Meu Deus, me dê coragem de viver trezentos e sessenta e cinco dias e noites, todos vazios de Tua presença. Me dê a coragem de considerar esse vazio como uma plenitude. Faça com que eu seja a Tua amante humilde, entrelaçada a Ti em êxtase. Faça com que eu possa falar com este vazio tremendo e receber como resposta o amor materno que nutre e embala. Faça com que eu tenha a coragem de Te amar, sem odiar as Tuas ofensas à minha alma e ao meu corpo. Faça com que a solidão não me destrua. Faça com que minha solidão me sirva de companhia. Faça com que eu tenha a coragem de me enfrentar. Faça com que eu saiba ficar com o nada e mesmo assim me sentir como se estivesse plena de tudo. Receba em teus braços o meu pecado de pensar.

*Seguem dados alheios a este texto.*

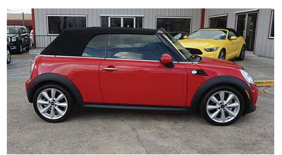
15 Mini Cooper Convertible #8J0043A.....$18,497
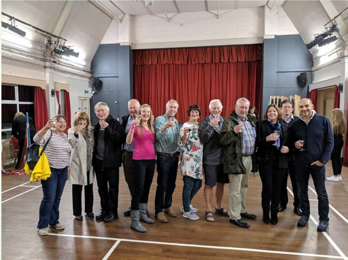
Forum members after the count and declaration
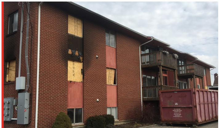
FRONT ELEVATION OF CENTERVILLE APARTMENT COMPLEX AFTER FIRE LOSS

The restoration scope is scheduled to include spray seal, new framing, flooring, paint, and drywall.
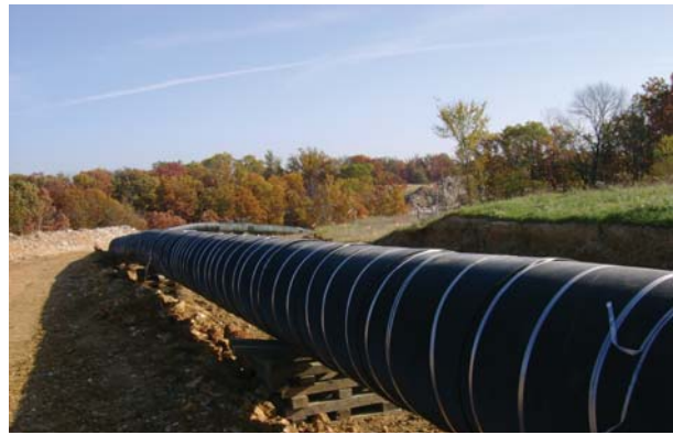
Premier Rock Shield HD is essential where pipelines are constructed through rocky terrain.
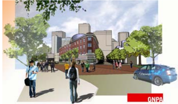
The combination of new paths, streetscaping design, and a significant decrease in surface parking will contribute to a more walkable pedestrian-oriented neighborhood in The Quarters.

The existing number of parking spaces in The Quarters will be significantly decreased to further encourage the use of active and public transportation. In fact, the new Sobeys grocery store in Downtown Edmonton has provided no parking space and caters specifically to those who work or live in downtown. Where needed in The Quarters, environmentally appropriate parking structures are to be constructed with preferred parking provided for car-sharing and alternative-fueled vehicles. In addition to these considerations, Downtown Winnipeg may look to higher parking costs to deter citizens from driving. Additional revenue from parking may help to fund streetscaping initiatives. Currently Winnipeg has some of
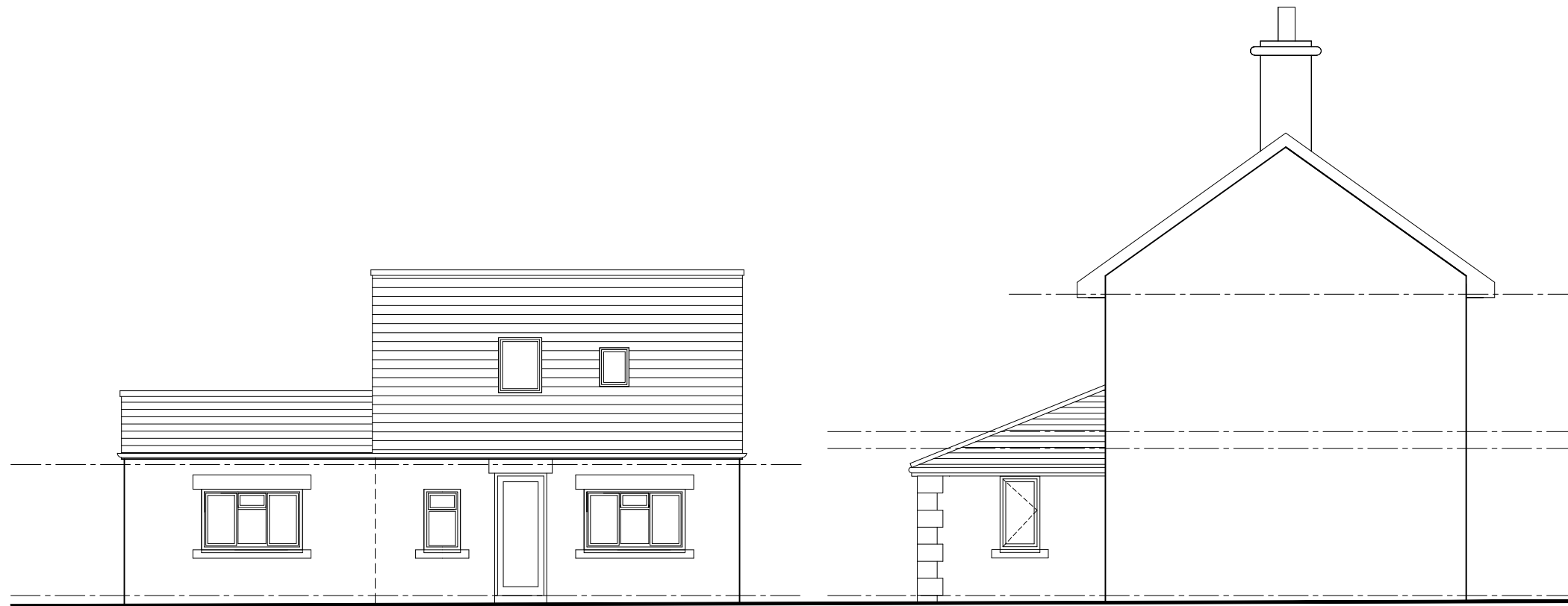
South facing elevation existing
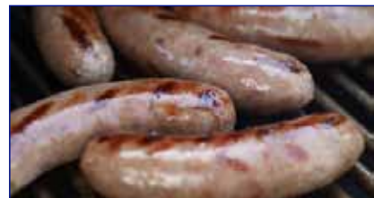
Free brats and beer during raft-up until they run out.
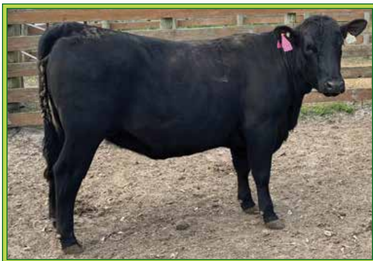
LOT 54 / PVC 042G-D1569 GAMMA 209K

A.I. on 12/05/23 to Bieber CL Energize F121 (#3958815) with sexed heifer semen.
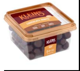
# 88210 Chocolate Mints 6/9oz.
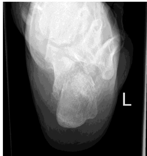
Figure 2: X-ray axial position of the calcaneus fracture

Computed tomography (CT) scan -After reviewing the X-rays, the surgeon should recommend a CT scan of the foot. This imaging tool combines X-rays with computer technology to produce a more detailed, cross-sectional image of the calcaneal body. It can provide the surgeon with valuable information about the severity of the fracture. Studying CT scans helps in planning the treatment.
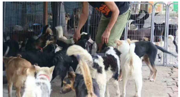
Hundreds of dogs have been rescued but are still in desperate need

Watch the rescued dogs' journey to safety

(LISPECTOR, 1999, p. 151 – 152)
           
 Encerramos essa resenha com a oração feita por Ângela Pralini que, em sua conversa com Deus, em prosa-poética de alto teor místico, recorre à espiritualidade em sua busca de existir em plenitude. Essa busca se manifesta, no âmbito da narrativa, pela desorganização da linguagem e pela desconstrução da narrativa. Muito é subvertido nessa obra e a personagem, que termina por sobressair-se ao autor, vivencia incompletude, esvaziamento e não-ditos que reverberam intensamente no plano da linguagem. Um sopro de vida trata-se, em vários aspectos, de um dos romances mais densos e admiráveis de Clarice Lispector.   

REFERÊNCIAS:

LISPECTOR, Clarice. Um sopro de vida (Pulsações). Rio de Janeiro: Rocco, 1999.